Diese These hat er auch dieses Jahr wieder ausgegraben, und wiederholt sie so oft, dass sogar seine eigenen Zuschauer die Story satt haben. Auf der erz-konservativen Meinungsseite des Wall Street Journal wendet Daniel Henninger diesen Gedankengang auf die derzeitige Wirtschaftskrise an. Seine These ist, dass Religion als Basis der Moral nötig ist, um die Exzesse der Wirtschaft zu bändigen. Am Ende des Artikels spitzt er alles auf die Formel, “Feel free: Banish Merry Christmas. Get ready for Mad Max” zu.
Wie Max Blumenthal in einem sehr empfehlenswerten Essay gezeigt hat, entstammt viel von der militanten Rhetorik, die O’Reilly und andere Fox News-Pundits aufnehmen, einem xenophobischen und anti-semitischen Buch des früheren Fortune-Autors Peter Brimelow. Sein Ziel war demnach die Verteidigung eines weißen christlichen “ethnischen Kerns” gegen die Bräuche anderer Religionen.
Was also von der Ausgangslage her nach einer Belanglosigkeit klingt, trifft einen Kernkonflikt im amerikanischem Selbstverständnis: auf der einen Seite herrscht eine Sicht vor, dass die USA ein Land mit fundamental christlichen Wurzeln und christlicher Mehrheitskultur sind, woraus gefolgert wird, dass der Übergang zwischen Staatlichkeit und Religion fließender sein soll. Auf der anderen Seite steht die Sicht, dass Kirche und Staat streng getrennt sein sollen, einerseits um eine zu große Einflussnahme auf den Staat zu verhindern, andererseits als Schutz von Minderheitskulturen im Namen der Multikulturalität.

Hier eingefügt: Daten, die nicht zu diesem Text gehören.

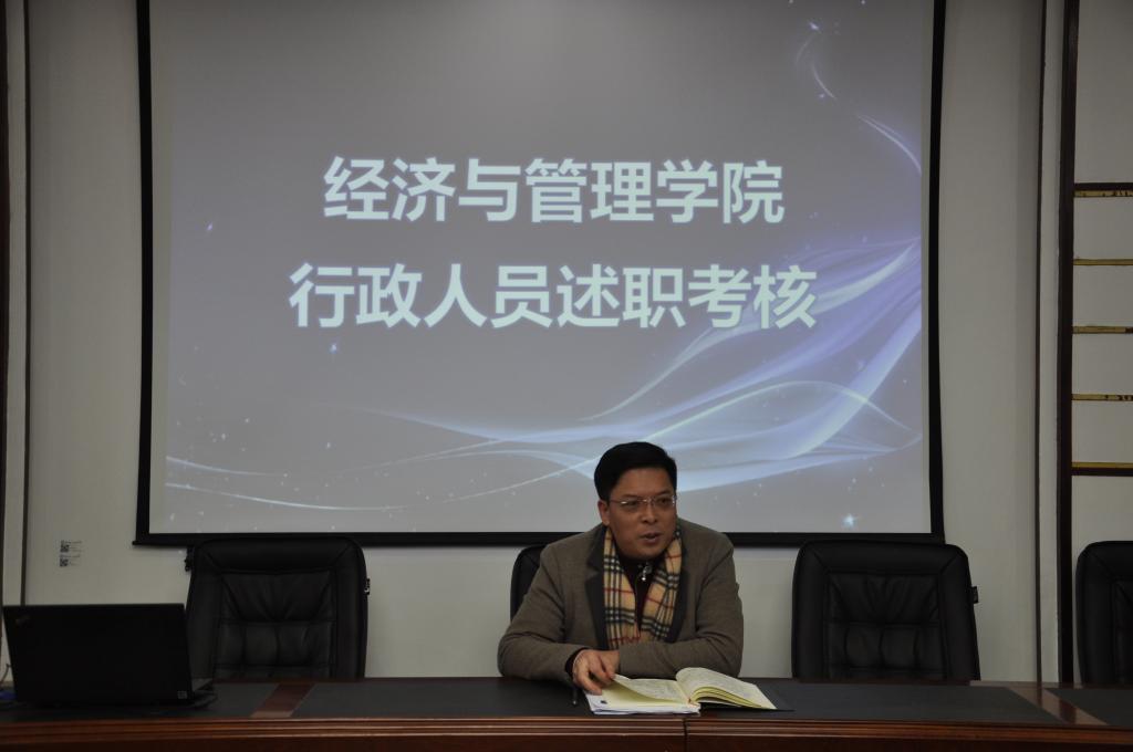 1月4日上午,经管学院开展机关行政人员年终述职考核工作。学院党政全体领导出席,全体行政人员参加了此次述职。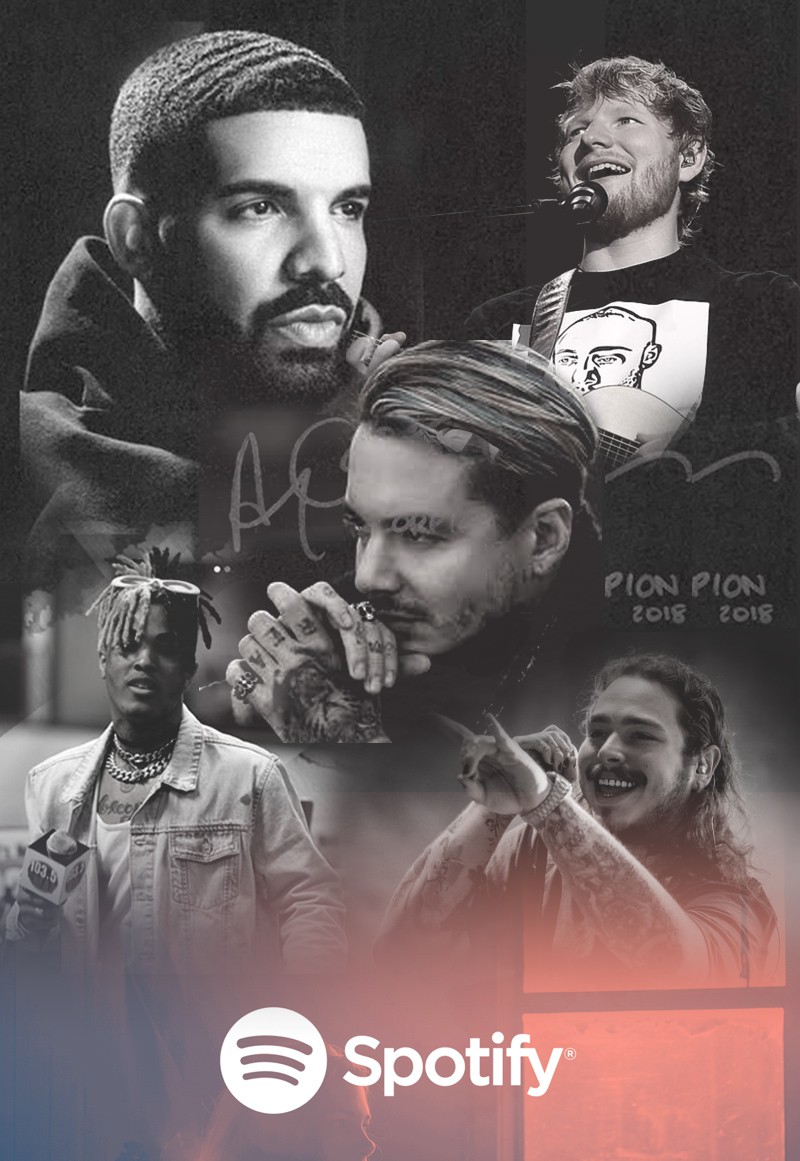 Top 5 nghệ sĩ có lượt nghe trực tuyến trên nền tảng Spotify khá thú vị: Drake, Post Malone, XXXTentacion, J Balvin và Ed Sheeran. Ed Sheeran thì đã là thương hiệu với những bản nhạc Pop bắt tai; J Balvin cũng không quá bất ngờ khi là đại diện Latin duy nhất; riêng ba cái tên còn lại đều... có vấn đề.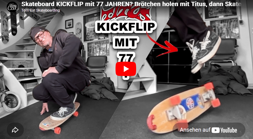 Kann man mit 77 Jahren noch einen Kickflip stehen? In diesem Video stellt sich Titus genau dieser Challenge – und glaubt mir, das wollt ihr sehen! Wir begleiten ihn bei seinem Versuch, den legendären Trick Oldschool Kickflip zu landen. Wird er es schaffen oder bleibt es beim Versuch? Danach geht’s weiter zu skate-aid, wo wir uns die neuesten Projekte und die aktuellen Modelle der Skate-Szene anschauen. Außerdem checken wir die freshen Vans-Schuhe und die stylischen Kollaborationen mit Skate-Legende Steve Caballero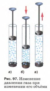 Попытаемся уменьшить объём газа, но так, чтобы масса его осталась неизменной. Это значит, что в каждом кубическом сантиметре газа молекул станет больше, плотность газа увеличится. Тогда число ударов молекул о стенки сосуда возрастёт, т. е. возрастёт давление газа. Это можно подтвердить опытом. На рисунке 97, а изображена стеклянная трубка, один конец которой закрыт тонкой резиновой плёнкой. В трубку вставлен поршень. При вдвигании поршня объём воздуха в трубке уменьшается, т. е. газ сжимается (рис. 97, б). Резиновая плёнка при этом выгибается наружу, указывая на то, что давление воздуха в трубке увеличилось. Наоборот, при увеличении объёма этой же массы газа число молекул в каждом кубическом сантиметре уменьшится. От этого уменьшится число ударов о стенки сосуда — давление газа станет меньше. Действительно, при вытягивании поршня из трубки объём воздуха увеличивается, плёнка прогибается внутрь сосуда (рис. 97, в). Это указывает на уменьшение давления воздуха в трубке. Такие же явления наблюдались бы, если бы вместо воздуха в трубке находился любой другой газ. Итак, при уменьшении объёма газа его давление увеличивается, а при увеличении объёма давление уменьшается при условии, что масса и температура газа остаются неизменными.

Natürlich waren die ursprünglichen Siedlerkulturen überwiegend christlich, jedoch gehörte ein großer Teil der Bevölkerung der englischen Kolonien in Nordamerika Minderheitsreligionen an, die in Europa vielfach als ketzerisch oder sektenartig gesehen wurden, daher in ihren Heimatländern an der freien Ausübung ihrer Religionen gehindert wurden. Zum Beispiel waren die ersten Siedler der späteren Kolonie Massachusetts, die 1620 dort landeten, Puritaner, eine Abspaltung der Church of England. Aber auch andere Gruppen kamen aus religiösen Gründen nach Amerika, so zum Beispiel Quäker, die sich besonders in Pennsylvania niederließen, eine grundlegend pazifistische (und damit oft als nicht staatstreu wahrgenommene) englische Denominierung.

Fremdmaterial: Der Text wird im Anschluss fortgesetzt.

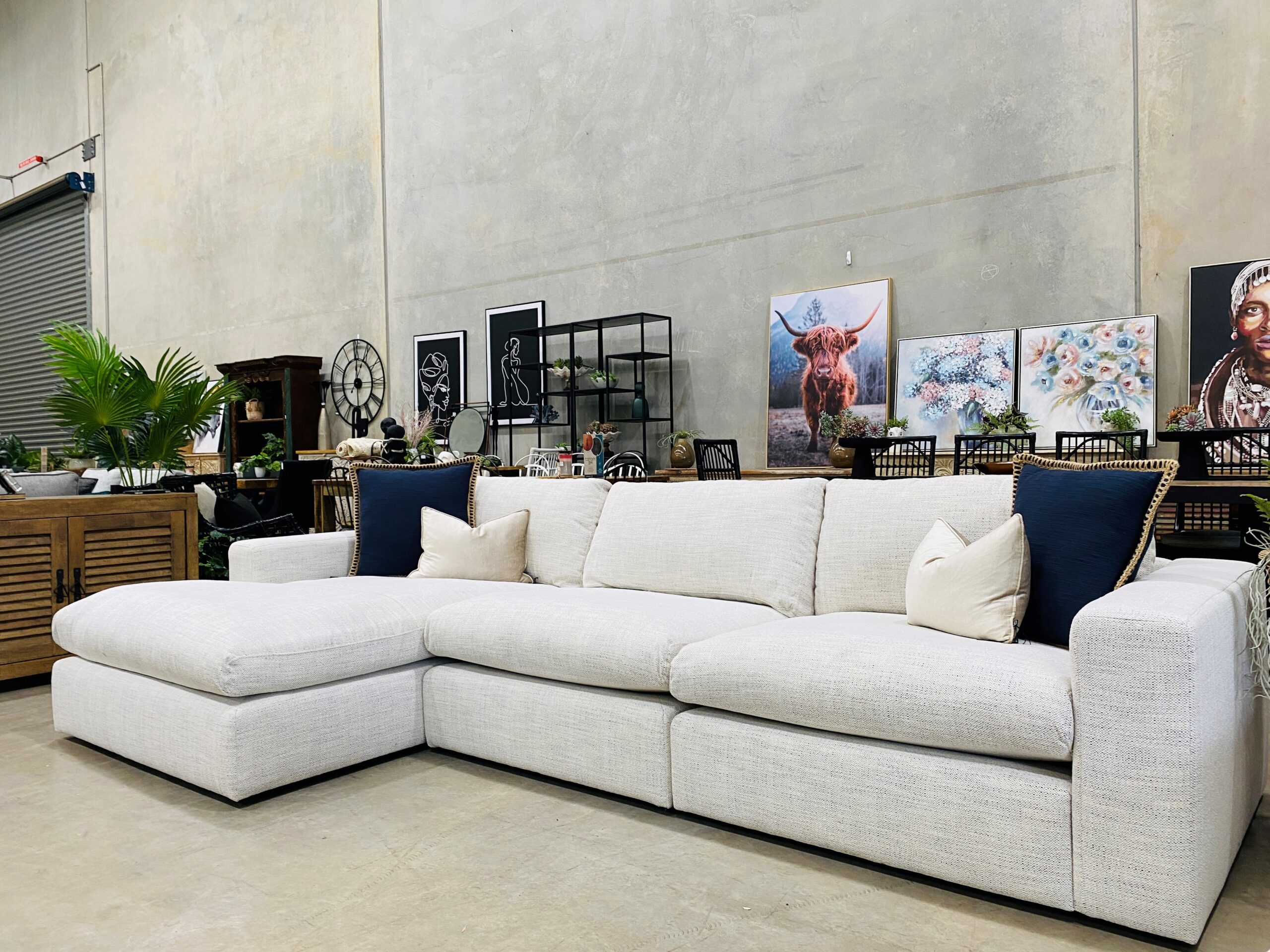 A modern square-arm design, its solid timber frame with premium suspension seating and fiber filled cushions complete this large scale sofa.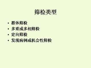 合应用多于一个筛检过程,就是多重筛检。筛检试验可用在有特异暴露的组别上,包括定向筛检,常用于环境卫生和职业卫生。最后一个类型是发现病例筛检,限制在出于其他目的向卫生工作者咨询的病人上。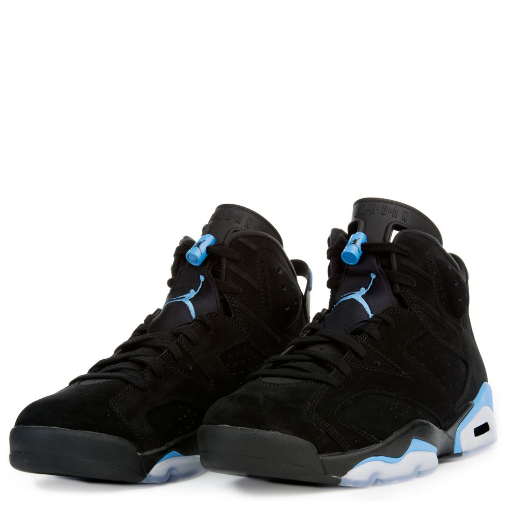 Air Jordan 6 Retro 'UNC' | GOAT Released in December 2017, the Air Jordan 6 Retro 'UNC' paid tribute to North Carolina's 2017 NCAA win. The colorway comes with a black nubuck upper with University Blue on the tongue, Jumpman, lacelock, and back pull tab. The shoe also comes with University Blue accents on the midsole and translucent rubber on the outsole.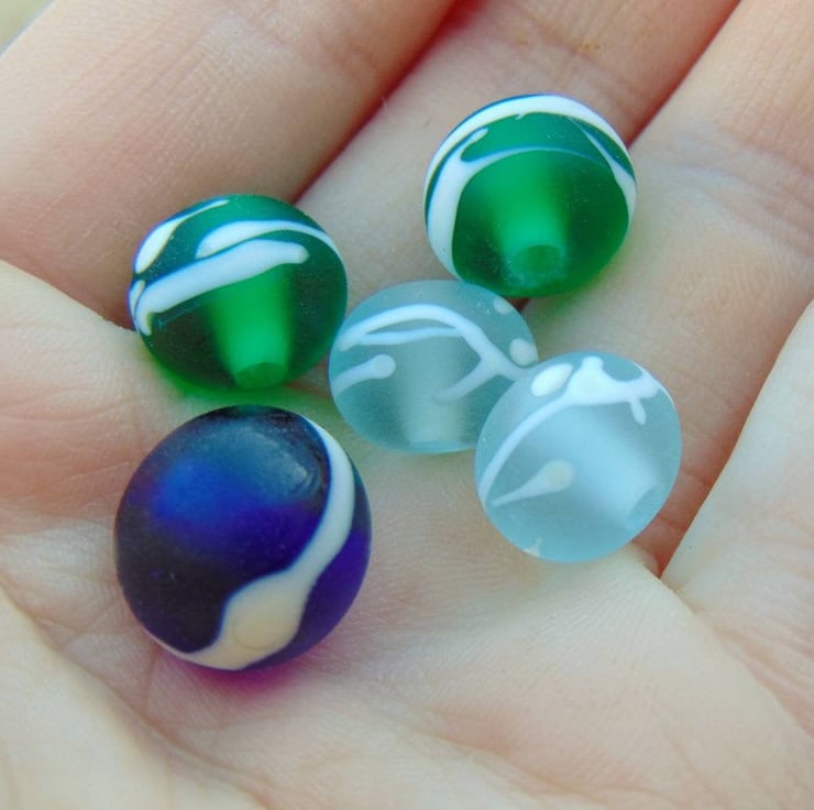 In my home studio, I wrapped molten glass in seaglass colours into a donut shape. Then I added a thin string of ivory glass stringer around each bead in a rustic fashion to depict the crashing waves in the ocean. To finish off the design I etched each bead for a seaglass-feel and aged-look.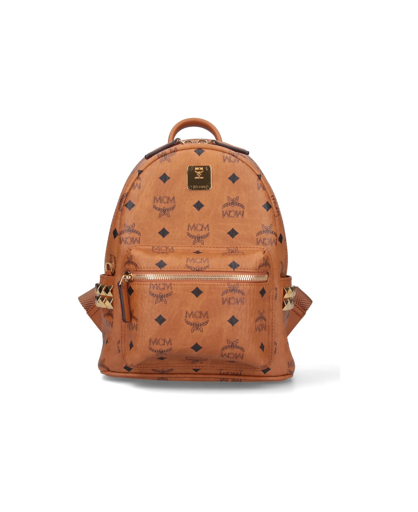 MCM Stark backpack in brown fabric with all-over 'Visetos' pattern, top handle, two adjustable back shoulder straps, two side pockets with metal stud detail, front zip patch pocket with logo plaque detail, and main inner compartment.

Was O‘Reilly hier also macht ist eine ziemliche Verflachung der amerikanischen Geschichtsschreibung: wenn er durch die amerikanische Geschichte einen roten Faden von der Religiosität früher Siedlergesellschaften bis zur heutigen Religionsausübung zu ziehen versucht, missachtet er dabei die Komplexität der damaligen Ausgangssituation. Es handelte sich ja eben nicht um einen monolithischen Christentum, sondern um viele kleine Splitterbewegungen, die erst nach und nach zu größeren Einheiten zusammengewachsen sind.
Dessen waren sich ja eigentlich auch die Gründerväter (founding fathers) bei der Verfassungsgebung durchaus bewusst. Daher befindet sich im ersten Verfassungszusatz der sog. ‘establishment clause‘, der eine Etablierung einer Staatsreligion explizit verhindert. Der Autor der Unabhängigkeitserklärung, Thomas Jefferson, selbst dem Atheismus aufgeschlossen gegenüberstehend, bestand auf einer Trennungswand (wall of separation) zwischen Staat und Religion. Aufgrund dieser Rechtstradition wäre es undenkbar, wie in vielen Teilen Deutschlands, flächendeckenden Religionsunterricht an Schulen einzuführen.

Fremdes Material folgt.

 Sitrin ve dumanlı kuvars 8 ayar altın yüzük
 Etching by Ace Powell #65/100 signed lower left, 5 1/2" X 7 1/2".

Diese Zweiteilung hat die Entwicklung der amerikanischen Religionen sicherlich nicht geschadet. Da sich die Religion außerhalb der Einflusssphäre des Staates befand, ist sie sehr stark in die Unternehmenskultur eingegangen. Kirchen konkurrieren um ihre Schäfchen mit vielfältigen Mitteln, die auch in der Produktwerbung eingesetzt werden. So kann die USA für ein westliches Land unglaublich hohe Kirchenbesuchsraten und Gläubigkeitsraten vorweisen.
Religiöse Darstellungen auf öffentlichem Gelände sind jedenfalls normalerweise nicht gestattet. Das schließt Darstellungen der biblischen Zehn Gebote, aber auch weihnachtliche Krippendisplays ein. Es gibt hier aber inzwischen einige legale Grauzonen: so kann eine Krippenszene gezeigt werden, wenn sie ausreichend sekuläre Elemente enthält (z.B. Rentiere). O’Reilly hat aber insofern recht, dass es privaten Unternehmen natürlich völlig selbst überlassen ist, ob sie ihre Angestellten instruieren, “frohe Weihnachten” oder “frohe Feiertage” wünschen. Aber ob sich aus der Grußpolitik einzelner Läden wirklich eine Anti-Weihnachtskampagne ableiten lässt, ist wohl jedem selbst überlassen…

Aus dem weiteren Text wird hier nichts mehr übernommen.